▸ **INFORMATION GIVEN**
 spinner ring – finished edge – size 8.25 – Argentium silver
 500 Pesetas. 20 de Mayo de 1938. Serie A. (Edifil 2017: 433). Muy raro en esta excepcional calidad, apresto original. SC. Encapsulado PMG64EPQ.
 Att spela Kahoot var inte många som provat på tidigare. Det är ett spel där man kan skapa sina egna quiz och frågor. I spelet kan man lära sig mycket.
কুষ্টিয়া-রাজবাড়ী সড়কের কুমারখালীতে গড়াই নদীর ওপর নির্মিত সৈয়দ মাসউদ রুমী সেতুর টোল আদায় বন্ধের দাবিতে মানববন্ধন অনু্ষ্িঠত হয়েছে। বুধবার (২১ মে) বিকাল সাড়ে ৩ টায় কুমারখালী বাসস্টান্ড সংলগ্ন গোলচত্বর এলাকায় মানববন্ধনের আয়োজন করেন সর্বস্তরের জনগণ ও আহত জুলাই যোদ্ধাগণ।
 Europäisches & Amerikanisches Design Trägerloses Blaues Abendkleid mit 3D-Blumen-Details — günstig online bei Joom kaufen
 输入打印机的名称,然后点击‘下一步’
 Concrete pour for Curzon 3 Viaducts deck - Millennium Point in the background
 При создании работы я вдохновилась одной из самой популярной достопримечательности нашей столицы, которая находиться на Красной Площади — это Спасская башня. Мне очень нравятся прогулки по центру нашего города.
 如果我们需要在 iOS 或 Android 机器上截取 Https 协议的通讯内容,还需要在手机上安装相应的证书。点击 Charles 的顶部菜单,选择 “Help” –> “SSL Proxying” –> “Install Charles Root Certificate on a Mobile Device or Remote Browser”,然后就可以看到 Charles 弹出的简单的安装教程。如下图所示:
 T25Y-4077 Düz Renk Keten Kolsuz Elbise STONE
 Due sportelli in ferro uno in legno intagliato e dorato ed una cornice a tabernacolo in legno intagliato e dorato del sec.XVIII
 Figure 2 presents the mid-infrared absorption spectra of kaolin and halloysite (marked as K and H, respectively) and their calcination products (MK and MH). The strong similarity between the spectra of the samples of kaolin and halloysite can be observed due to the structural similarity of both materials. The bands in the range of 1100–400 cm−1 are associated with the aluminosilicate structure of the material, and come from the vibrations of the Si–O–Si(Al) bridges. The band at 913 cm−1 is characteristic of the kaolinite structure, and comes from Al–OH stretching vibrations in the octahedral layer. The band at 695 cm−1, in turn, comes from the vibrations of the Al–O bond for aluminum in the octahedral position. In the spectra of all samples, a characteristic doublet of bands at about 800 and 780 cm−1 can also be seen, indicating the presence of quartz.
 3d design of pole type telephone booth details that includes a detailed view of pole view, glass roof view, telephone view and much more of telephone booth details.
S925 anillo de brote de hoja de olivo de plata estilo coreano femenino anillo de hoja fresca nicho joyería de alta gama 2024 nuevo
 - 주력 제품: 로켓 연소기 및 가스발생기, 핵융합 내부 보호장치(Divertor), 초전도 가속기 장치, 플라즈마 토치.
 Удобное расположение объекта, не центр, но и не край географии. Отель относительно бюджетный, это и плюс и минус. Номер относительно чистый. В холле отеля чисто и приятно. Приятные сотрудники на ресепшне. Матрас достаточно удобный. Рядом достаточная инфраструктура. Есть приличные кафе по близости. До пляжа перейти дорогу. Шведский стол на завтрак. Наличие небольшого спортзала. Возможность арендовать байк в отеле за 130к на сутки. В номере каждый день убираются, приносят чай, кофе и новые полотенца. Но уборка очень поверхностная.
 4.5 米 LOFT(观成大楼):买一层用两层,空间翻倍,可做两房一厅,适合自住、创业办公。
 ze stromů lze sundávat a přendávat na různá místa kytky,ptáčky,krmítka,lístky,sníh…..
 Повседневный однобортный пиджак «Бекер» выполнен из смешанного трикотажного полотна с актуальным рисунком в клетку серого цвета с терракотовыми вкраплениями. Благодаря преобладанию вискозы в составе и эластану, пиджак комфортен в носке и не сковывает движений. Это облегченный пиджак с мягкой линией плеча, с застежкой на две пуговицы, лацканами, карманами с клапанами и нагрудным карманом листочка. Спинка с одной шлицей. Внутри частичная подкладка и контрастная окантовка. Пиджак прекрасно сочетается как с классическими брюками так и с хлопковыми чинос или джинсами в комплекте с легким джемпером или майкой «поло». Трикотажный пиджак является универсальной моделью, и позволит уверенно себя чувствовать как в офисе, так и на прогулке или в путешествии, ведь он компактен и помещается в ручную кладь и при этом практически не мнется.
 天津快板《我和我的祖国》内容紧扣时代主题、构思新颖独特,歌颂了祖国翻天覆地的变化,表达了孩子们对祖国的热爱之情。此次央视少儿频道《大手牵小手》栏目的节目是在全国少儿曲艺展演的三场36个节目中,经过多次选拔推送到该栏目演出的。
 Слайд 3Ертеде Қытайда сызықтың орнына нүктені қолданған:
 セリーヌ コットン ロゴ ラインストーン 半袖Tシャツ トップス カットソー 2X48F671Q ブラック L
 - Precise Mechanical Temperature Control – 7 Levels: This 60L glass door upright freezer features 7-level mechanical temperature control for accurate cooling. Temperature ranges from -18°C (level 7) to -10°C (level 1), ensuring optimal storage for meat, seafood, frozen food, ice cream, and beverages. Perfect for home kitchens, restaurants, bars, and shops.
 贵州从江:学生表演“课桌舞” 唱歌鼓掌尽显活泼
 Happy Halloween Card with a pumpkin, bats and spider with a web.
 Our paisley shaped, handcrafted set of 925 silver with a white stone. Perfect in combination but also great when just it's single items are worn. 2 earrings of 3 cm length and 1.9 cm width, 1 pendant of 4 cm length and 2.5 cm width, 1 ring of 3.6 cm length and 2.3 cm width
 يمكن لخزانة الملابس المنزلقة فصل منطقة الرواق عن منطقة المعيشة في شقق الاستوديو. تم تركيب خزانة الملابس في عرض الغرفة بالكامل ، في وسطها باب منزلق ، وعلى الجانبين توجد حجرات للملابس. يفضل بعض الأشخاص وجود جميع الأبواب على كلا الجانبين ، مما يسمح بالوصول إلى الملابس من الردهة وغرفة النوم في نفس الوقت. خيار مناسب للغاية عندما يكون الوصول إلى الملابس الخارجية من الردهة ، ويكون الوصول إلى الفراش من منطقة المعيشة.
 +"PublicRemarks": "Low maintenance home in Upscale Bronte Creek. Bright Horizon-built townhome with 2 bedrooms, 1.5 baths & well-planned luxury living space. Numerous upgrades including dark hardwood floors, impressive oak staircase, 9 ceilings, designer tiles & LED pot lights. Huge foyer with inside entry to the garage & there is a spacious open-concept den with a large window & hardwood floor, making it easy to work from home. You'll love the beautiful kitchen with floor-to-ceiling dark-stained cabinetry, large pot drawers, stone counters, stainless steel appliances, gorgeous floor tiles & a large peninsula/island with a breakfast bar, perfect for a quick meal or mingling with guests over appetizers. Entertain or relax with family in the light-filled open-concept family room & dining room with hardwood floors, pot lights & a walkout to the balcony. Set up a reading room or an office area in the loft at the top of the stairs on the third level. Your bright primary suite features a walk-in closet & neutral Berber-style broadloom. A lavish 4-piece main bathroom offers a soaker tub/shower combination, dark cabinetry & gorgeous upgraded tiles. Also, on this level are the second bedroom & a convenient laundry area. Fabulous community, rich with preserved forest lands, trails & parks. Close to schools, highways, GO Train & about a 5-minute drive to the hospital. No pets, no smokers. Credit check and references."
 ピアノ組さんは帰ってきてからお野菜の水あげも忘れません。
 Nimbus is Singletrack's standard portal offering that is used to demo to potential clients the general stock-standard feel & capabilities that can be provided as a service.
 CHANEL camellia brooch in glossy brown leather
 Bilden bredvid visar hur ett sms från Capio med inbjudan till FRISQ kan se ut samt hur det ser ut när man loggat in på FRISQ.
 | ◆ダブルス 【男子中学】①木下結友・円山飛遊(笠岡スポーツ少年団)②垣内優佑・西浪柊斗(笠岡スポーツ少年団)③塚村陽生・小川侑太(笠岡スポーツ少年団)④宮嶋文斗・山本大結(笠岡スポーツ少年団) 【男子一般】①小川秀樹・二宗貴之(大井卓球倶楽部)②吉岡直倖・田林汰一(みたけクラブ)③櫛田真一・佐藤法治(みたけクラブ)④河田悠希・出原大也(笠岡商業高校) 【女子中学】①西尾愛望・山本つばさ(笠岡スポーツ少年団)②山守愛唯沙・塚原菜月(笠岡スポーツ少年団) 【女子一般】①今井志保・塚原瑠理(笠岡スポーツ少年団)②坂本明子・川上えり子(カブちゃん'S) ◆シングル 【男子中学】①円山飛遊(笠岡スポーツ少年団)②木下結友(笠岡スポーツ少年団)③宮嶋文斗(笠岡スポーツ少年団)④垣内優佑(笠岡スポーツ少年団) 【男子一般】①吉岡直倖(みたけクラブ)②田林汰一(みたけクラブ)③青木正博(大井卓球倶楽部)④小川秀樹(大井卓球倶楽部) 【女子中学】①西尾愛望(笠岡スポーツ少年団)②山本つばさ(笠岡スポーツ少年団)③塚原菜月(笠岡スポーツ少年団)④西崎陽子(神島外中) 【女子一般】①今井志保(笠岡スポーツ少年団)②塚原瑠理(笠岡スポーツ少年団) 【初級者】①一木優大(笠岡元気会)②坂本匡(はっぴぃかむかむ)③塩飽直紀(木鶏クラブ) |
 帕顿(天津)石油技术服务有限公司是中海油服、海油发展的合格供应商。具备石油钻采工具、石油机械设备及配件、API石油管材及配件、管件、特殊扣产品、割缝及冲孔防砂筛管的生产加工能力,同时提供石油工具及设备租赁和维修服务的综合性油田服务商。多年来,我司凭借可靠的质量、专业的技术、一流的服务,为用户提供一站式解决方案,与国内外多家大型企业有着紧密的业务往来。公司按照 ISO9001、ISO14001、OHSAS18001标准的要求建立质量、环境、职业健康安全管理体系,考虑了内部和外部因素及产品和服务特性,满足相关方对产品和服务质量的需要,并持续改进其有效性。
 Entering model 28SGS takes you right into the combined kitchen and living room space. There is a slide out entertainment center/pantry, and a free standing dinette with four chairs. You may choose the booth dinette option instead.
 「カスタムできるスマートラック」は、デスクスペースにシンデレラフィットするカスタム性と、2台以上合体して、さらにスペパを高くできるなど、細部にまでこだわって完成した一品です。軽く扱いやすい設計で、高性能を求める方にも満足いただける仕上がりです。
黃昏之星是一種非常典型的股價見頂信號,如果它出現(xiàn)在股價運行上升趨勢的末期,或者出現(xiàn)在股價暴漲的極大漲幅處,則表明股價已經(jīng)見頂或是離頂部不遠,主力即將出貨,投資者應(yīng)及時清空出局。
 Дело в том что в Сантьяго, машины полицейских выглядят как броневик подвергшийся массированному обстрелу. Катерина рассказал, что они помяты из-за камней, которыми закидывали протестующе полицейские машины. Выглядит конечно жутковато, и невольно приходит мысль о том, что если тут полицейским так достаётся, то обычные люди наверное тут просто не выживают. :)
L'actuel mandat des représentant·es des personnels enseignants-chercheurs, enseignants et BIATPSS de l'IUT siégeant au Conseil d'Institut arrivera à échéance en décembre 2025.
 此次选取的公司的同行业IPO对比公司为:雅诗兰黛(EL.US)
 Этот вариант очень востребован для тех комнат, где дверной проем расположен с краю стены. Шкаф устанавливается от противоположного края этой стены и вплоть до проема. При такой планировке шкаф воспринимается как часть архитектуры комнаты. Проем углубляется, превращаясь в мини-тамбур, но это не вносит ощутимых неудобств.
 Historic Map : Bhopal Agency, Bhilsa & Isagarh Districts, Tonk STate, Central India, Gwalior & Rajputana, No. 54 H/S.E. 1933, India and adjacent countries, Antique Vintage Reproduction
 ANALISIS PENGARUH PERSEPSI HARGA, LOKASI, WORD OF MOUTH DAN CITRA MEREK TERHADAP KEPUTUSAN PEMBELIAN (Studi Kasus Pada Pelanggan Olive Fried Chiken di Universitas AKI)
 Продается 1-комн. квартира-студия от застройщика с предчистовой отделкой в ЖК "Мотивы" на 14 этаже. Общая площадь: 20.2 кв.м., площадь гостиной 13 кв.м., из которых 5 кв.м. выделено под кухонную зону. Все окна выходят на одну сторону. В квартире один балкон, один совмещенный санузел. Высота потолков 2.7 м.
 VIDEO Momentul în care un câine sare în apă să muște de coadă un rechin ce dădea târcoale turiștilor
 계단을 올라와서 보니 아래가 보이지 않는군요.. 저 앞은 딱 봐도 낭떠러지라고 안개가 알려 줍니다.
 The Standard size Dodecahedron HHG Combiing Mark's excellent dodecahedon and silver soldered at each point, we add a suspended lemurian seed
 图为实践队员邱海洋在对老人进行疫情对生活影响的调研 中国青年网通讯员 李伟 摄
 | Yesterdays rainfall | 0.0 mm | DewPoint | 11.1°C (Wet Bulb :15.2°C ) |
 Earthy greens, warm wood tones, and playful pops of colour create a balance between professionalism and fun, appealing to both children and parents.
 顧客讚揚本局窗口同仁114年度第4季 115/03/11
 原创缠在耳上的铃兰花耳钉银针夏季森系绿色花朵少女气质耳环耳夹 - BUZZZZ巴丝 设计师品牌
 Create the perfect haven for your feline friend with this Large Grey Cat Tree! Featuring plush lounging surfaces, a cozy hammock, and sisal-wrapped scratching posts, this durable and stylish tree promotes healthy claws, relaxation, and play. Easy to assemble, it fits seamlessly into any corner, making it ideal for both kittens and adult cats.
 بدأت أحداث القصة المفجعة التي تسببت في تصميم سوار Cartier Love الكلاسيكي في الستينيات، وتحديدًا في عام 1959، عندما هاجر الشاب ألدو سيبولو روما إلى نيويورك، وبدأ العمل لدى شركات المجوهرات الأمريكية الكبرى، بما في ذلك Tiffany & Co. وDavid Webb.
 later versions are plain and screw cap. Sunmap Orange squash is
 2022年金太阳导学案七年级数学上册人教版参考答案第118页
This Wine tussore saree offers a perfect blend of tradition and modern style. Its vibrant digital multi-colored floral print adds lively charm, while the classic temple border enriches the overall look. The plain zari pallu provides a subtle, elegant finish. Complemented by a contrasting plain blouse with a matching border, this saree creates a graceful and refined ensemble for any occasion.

▸ **WHAT YOU HAVE TO DO**
In the records above, find the line with "কুষ্টিয়া-রাজবাড়ী সড়কের কুমারখালীতে"; write out exactly that line and each one after it, stopping after the line with "Concrete pour for".

▸ **SOLUTION FOR THIS EXERCISE**
কুষ্টিয়া-রাজবাড়ী সড়কের কুমারখালীতে গড়াই নদীর ওপর নির্মিত সৈয়দ মাসউদ রুমী সেতুর টোল আদায় বন্ধের দাবিতে মানববন্ধন অনু্ষ্িঠত হয়েছে। বুধবার (২১ মে) বিকাল সাড়ে ৩ টায় কুমারখালী বাসস্টান্ড সংলগ্ন গোলচত্বর এলাকায় মানববন্ধনের আয়োজন করেন সর্বস্তরের জনগণ ও আহত জুলাই যোদ্ধাগণ।
 Europäisches & Amerikanisches Design Trägerloses Blaues Abendkleid mit 3D-Blumen-Details — günstig online bei Joom kaufen
 输入打印机的名称,然后点击‘下一步’
 Concrete pour for Curzon 3 Viaducts deck - Millennium Point in the background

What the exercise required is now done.